History is an exciting story about the real adventures of heroes, villains and people who are a little bit of both. But most children never find that out.
Children often complain that history is nothing but a bunch of boring facts, which they learn, write down on a test and then forget as soon as the test is over. "What's the point?" they ask.
Now, I can't see anything wrong with learning that Vasco Nunez de Balboa crossed the Isthmus of Panama and "discovered" the Pacific Ocean. But it's true that these facts are not especially interesting, or memorable, unless you know some of the story behind them - for instance, that Balboa and his men slogged through the steamy jungles of Panama and found another ocean where Europeans had no idea there was one. (They thought they'd already crossed the ocean separating Europe and China.)
History is an exciting story -- and often not a pleasant one -- about the real-life adventures of heroes, villains and people who are a little bit of both. Unfortunately, most children would never know that because the history textbooks they read are not written by story tellers, and the texts are so crammed with details that it's hard to follow what's going on -- or to care about it in the least.
Joy Hakim, a former teacher and journalist, understands these problems, and she's written a new ten-volume history of the U.S. called The History of Us, for children ages 8 to 13. Hakim's history is wonderfully vivid and engaging, but it is more. Kids who read these books will get a grounding in U.S. history and the often difficult process by which we became a nation. They will also find out a lot about how to think about and understand the past.
Hakim's first volume, The First Americans, which is the only one published thus far, begins with the appearance of the original settlers -- the ones who crossed the Bering Straits while woolly mammoths still roamed what would become the U.S. (We were all, Hakim remarks, once immigrants.) After talking about the peoples who inhabited this country before the Europeans appeared, she goes on to tell the grim but fascinating story of how the Europeans conquered the Americans.

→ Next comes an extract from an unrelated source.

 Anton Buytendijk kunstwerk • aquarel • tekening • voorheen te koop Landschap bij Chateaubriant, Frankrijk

Hakim is terrific at making a historical situation present to the imagination. Here's how she describes Cortez's wonder and admiration for the Aztec capital -- which he was soon to destroy:
As he nears the city he rubs his eyes. He can hardly believe what he sees. Tenochtitlan is more beautiful than any city on earth, he says. It is an island, five miles square, surrounded by a glistening lake [that] .... shines turquoise in the morning sun. Houses and public buildings are chalk-white or earth-red. Some are gilded, as if made of the gold the Spaniards covet.
Hakim does not flinch from presenting some of the most troubling things about our early history -- like the brutal fact that the conquerors of the Americans enslaved the people they found living here, and , when these people died off or wouldn't work, imported African slaves to take their place. In the past, historians --especially those writing for children -- would have glossed over all this. These days, some people say that this troubling record shows the rottenness of our whole civilization -- from the beginning. Hakim is neither squeamish nor politically correct. She presents historical facts as something for readers to think and talk about -- and learn from:
Slavery was common everywhere then, and it didn't seem wrong to many people: not to the Portuguese or the Arabs or the Dutch or the Spaniards or the Africans -- who were all involved in selling human beings as slaves
....In America the Aztec Indians practiced blood sacrifices; the Iroquois tortured their captives; the Mound Builders kept slaves. They didn't think that was wrong either.

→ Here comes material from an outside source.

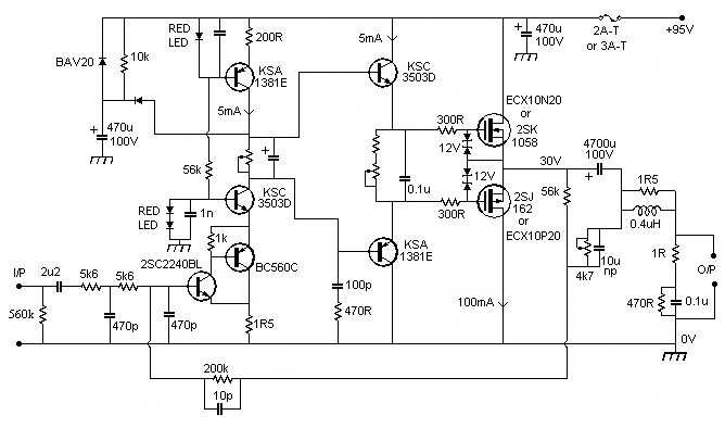 Next is a variation of the MJR7 which reduces the currents in the driver stage to 5mA and so is better for a higher supply voltage, not needing heatsinks for the driver stage transistors. A problem is that two bias adjusters may be needed to set both driver stage and output stage quiescent currents. Apart from the reduced driver currents the only other advantage is that the circuit maybe looks more conventional, but the performance will be no better than the original MJR7.

How could people behave that way? Were they different from us? Not really. Slavery, torture, and religious intolerance have been around for a long time. It is always easy to do and think as everybody else does.
Many good or partly good people, as Hakim points out, have done terrible things to others -- usually in the belief that they were doing good. Does this absolve them from the results of their acts? Hakim does not say it does, but she does tell her readers that one of the uses of history is to enable the present to learn from the mistakes of the past.